Еще в детстве ему приходилось слышать множество рассказов от разных людей о Сибири и главном ее городе — Тобольске. Знал он, что проживают в нем наряду со служивыми людьми ссыльные, попавшие туда за буйный нрав и дурное поведение. На родине Аввакума о Сибири шла недобрая слава, пугали ей малых детей и молодых варнаков, любителей поживиться чужим добром. Трое или четверо мужиков из его прихода угодили в эти края за грабеж на большой дороге и словно сгинули. Не было больше о них ни слуху ни духу. Аввакум зябко повел плечами не столько от холода, а представив себе, что и он с семьей окажется среди первейших воров и убийц, осевших в этих краях.
—
Во многих городах мне приходилось бывать, но другого такого не видел, — отозвался Климентий, тем самым прервав его тягостные размышления. — Он и обличьем на другие не похож, и люди в нем непростые живут. Помяни, батюшка, мое слово, натерпишься еще от них.
—
Что же это за народ такой? Сам же говорил, вроде как крещеные там живут по большей части, не звери какие…
—
Э-э-э, не скажи. Он, может, крест-то с шеи и не снимает, да только и черные думы из головы не гонит. Сам, поди слышал, что добрые люди туда по своей воле не едут, а все больше такие, которым терять нечего. Воры, убивцы, смутьяны. Видел когда-нибудь, как два таракана, в чугунок попавши, себя ведут? — с усмешкой обернулся он к Аввакуму, смахивая с бороды наросшую на ней от жаркого дыхания сосульку. — Знаю, видел, можешь и не отвечать. Мы мальчишками, бывало, наловим их поболе, в чугунок побросаем, а потом смеемся, глядючи, как они друг с дружкой воюют. Вот потеха-то! Один на другого набрасывается и норовит ущипнуть побольнее. И никакого мира меж ними никогда не наступит, поскольку каждый привык жить сам по себе. А знаешь, отчего это идет? Да потому что главного среди них нет, кто бы к порядку их призвать мог. Другое дело — муравьи или пчелы. У муравьев царица правит, а у пчел — матка за всем следит. Вот и заняты все своим делом, ни до драк, ни до раздоров.
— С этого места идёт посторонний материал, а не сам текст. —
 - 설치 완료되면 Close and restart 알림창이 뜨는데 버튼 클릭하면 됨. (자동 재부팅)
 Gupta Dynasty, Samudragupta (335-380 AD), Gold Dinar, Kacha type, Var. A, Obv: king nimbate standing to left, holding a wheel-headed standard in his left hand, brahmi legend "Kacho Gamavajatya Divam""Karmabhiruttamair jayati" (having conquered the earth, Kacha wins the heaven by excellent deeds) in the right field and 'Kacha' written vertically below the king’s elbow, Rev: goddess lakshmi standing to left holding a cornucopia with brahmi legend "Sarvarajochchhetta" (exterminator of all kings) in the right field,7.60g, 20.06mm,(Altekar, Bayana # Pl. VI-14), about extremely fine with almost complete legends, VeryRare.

А в Сибири каждый человек сам по себе и меж собой их совет никак не берет…
—
А как же царь? — не дал договорить ему до конца Аввакум. — Он наместник Бога на земле, а Сибирь вся от края до края ему подвластна. Почему же порядка должного в ней нет, как в других русских городах?
—
В том-то и оно, что Сибирь — это тебе не Россия! — самодовольно усмехнулся Климентий, словно открыл спутнику некую запретную тайну. — И вряд ли когда ею станет. Точно тебе говорю. Ничего, сам поймешь со временем, когда хлебнешь лиха, сколько тебе Господь отпустит.
—
Да вроде как уже хлебнул, — ответил, не задумываясь, Аввакум. — Только все одно не пойму, почему ты Сибирь от иных российских мест отличаешь?
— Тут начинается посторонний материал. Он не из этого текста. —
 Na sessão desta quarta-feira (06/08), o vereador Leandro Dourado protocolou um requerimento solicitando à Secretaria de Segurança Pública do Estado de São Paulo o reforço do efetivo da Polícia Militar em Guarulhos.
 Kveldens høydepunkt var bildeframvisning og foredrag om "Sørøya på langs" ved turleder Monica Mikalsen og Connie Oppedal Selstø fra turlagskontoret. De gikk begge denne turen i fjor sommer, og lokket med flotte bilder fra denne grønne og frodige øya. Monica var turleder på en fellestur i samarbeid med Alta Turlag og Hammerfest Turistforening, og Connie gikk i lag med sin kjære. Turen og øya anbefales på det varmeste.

На этот раз возница ответил не сразу, а долго и сосредоточенно счищал с бороды и усов целую гроздь мелких сосулек. Потом он чуть подхлестнул лошадей, которые и без того шли ходко, словно чувствовали приближающийся конец пути, где они наконец-то смогут передохнуть, и лишь потом, указав кнутовищем на запряженную пару, спросил:
— Видишь, как они меня уважают и слушаются? А все почему? Знают, что иначе кнут по их бокам погуляет изрядно. А брось я вожжи да завались спать, что будет? Вот-вот, ничего и не будет. Встанут сразу же. А если распрячь их, то и разойдутся в разные стороны. И человек так же устроен, мало чем от скотины отличается: дай ему волю — и сразу забудет и про власть, и про долг свой перед Богом. Вы вот, попы, зачем над людьми поставлены? За тем же самым — направлять народ на путь праведный. А в Сибири вашего брата раз, два и обчелся. Ни в каждом селе найдешь…
Он еще долго разъяснял Аввакуму, как, по его разумению, устроен мир, и кто над кем поставлен. Но тому вдруг сделалось скучно слушать назидательные речи возницы, из которых выходило, что лучше него никто и не знает, как навести порядок на Русской земле.
«Вот так у нас всегда, — горько подумал Аввакум, не переставая перебирать четки, и при этом в мозгу его ярко вспыхивали слова молитв, но это не мешало ему думать о чем-то постороннем, — каждый конюх или там казак, все знают, как жить правильно. А на деле как раз наоборот. Советовать любой горазд, но выполнять эти советы не он, а кто-то иной должен. И все-то у нас кругом не правы и виноваты, но только не ты сам».
«А разве ты сам не таков? — услышал он чей-то немой вопрос внутри себя. — Винишь того же Никона, а себя правым считаешь?»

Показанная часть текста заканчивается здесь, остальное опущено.